In hormone receptor positive (HR+)/HER2-negative advanced breast cancer (BC), CDK4/6i plus ET have remarkably improved survival outcomes and are now considered a standard treatment for most patients1. Although this is good news for patients suffering from metastatic BC, improving the efficacy of CDK4/6i and ET using novel treatment strategies might be challenging. On the one hand, no predictive biomarker exists to date to select patients who are going to progress early2. On the other hand, improving survival outcomes with new or additional therapies when the control arm has a median PFS of 25–27 months in the first-line setting will require huge personal, physical, and economic resources as well as long periods of follow-up3,4,5. This issue is not restricted to advanced BC but also other cancer types such as lung cancer.

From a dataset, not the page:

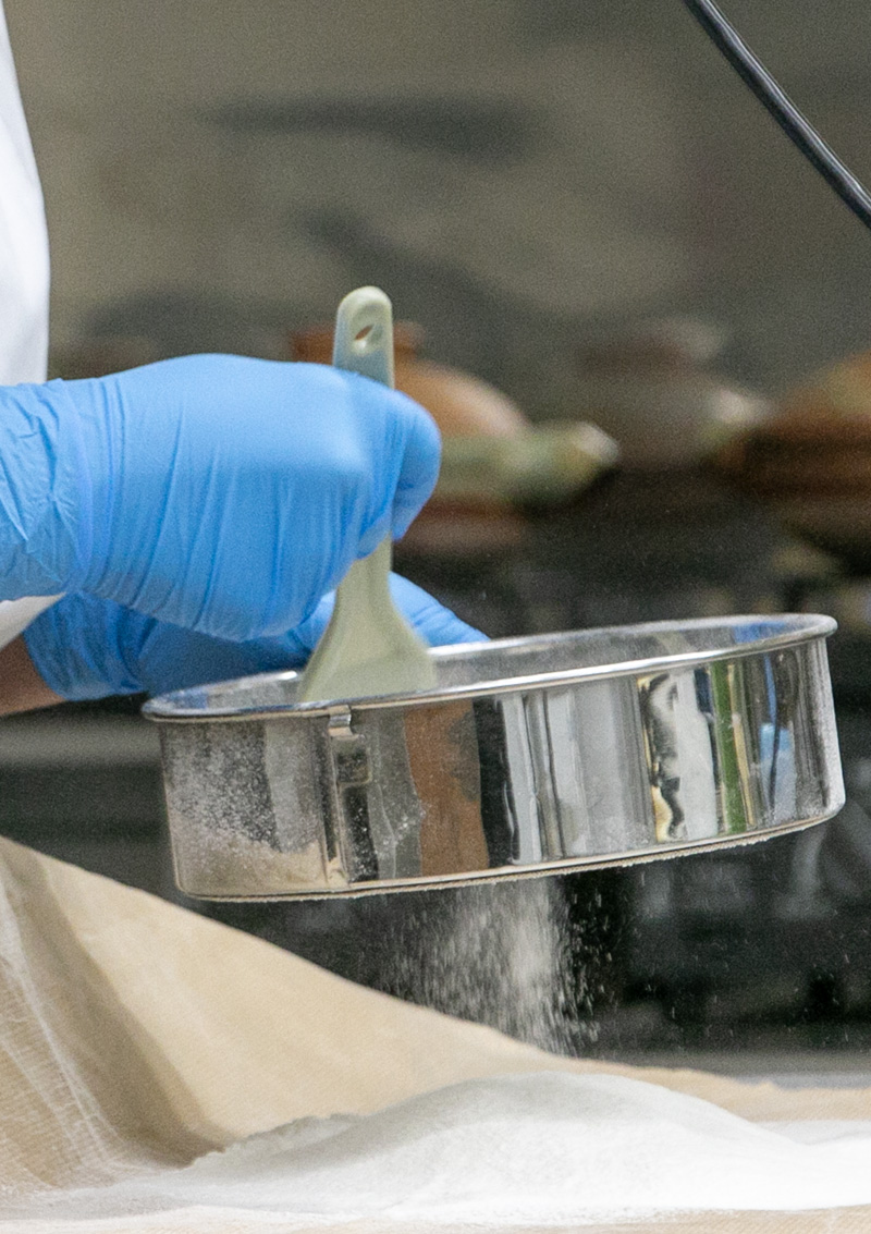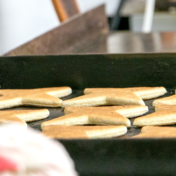 伝統菓子である堅焼きの製造を行います。材料の扱いから成形・焼成まで、工程を分けて丁寧に取り組みます。

Detection of ctDNA levels before and during therapy might improve CDK4/6i plus ET efficacy, stratify patients, and help design future trials with novel treatment strategies6,7. O´Leary and colleagues evaluated early ctDNA dynamics in patients with PIK3CA-mutated HR+/HER2-negative metastatic BC treated with palbociclib and fulvestrant in PALOMA-3 trial8. A multiplex digital PCR assay was used and hotspot PIK3CA mutations in exons 9 and 20 were evaluated in plasma8. PIK3CA mutation levels from baseline to day 15 of therapy were associated with PFS independently of the treatment received. However, only 22% of patients with HR+/HER2-negative advanced BC had detectable PIK3CA mutations in plasma. To circumvent this problem, others argue that individualized gene panels according to each patient´s tumor´s genetic profile should be prioritized9.

We hypothesized that a standardized plasma-based sequencing assay that analyzes multiple genes simultaneously at baseline and after 4 weeks (cycle 2 day 1 [C2D1]) of CDK4/6i plus ET can identify patients with HR+/HER2-negative advanced disease with different treatment outcomes. To accomplish this, we undertook a prospective study from May/2016 to June/2019 of 50 consecutive pre and postmenopausal patients with metastatic HR+/HER2-negative BC treated as per standard practice with CDK4/6i and ET (Fig. 1a). Plasma samples were sequenced using the standardized Guardant360 assay v2.11, which can identify single nucleotide variants (SNV) and indels from 74 genes (Fig. 1b)10. Among 50 patients, 2 patients (4%) had insufficient plasma volume, 2 patients (4%) had missing samples and 1 patient (2%) was treated in the adjuvant setting after resection of a supraclavicular lymph node and was excluded. Finally, 45 patients (90%) were evaluable of whom 43 (96%) had ctDNA detectable at some level. Of those 45, 31 (69%) had ctDNA-positive disease (i.e. highest VAF detected ≥VAF 0.4% at some timepoint) and 14 (31%) were considered to have ctDNA-low disease (i.e. highest VAF detected <0.4% or non-detected at both timepoints). Of the 31 ctDNA-positive patients, 30 had ctDNA-positive disease at baseline and 1 had ctDNA-low at baseline but ctDNA-positive at cycle 2 (Fig. 1c and Table 1). Mutations in 42 genes were identified at baseline and the 4 most frequent altered genes were PIK3CA, ESR1, TP53, and ATM (Fig. 1d); ≥1 mutation with ≥VAF 0.4% in any of these 4 genes was found in 24 patients (53.3%). We had available tissue samples collected from archival biopsies before treatment with CDK4/6i plus ET in 26 patients. As shown in previous studies, all intrinsic molecular subtypes were identified using the PAM50 subtype predictor, although Luminal A and B subtypes predominated (Fig. 1e)11,12.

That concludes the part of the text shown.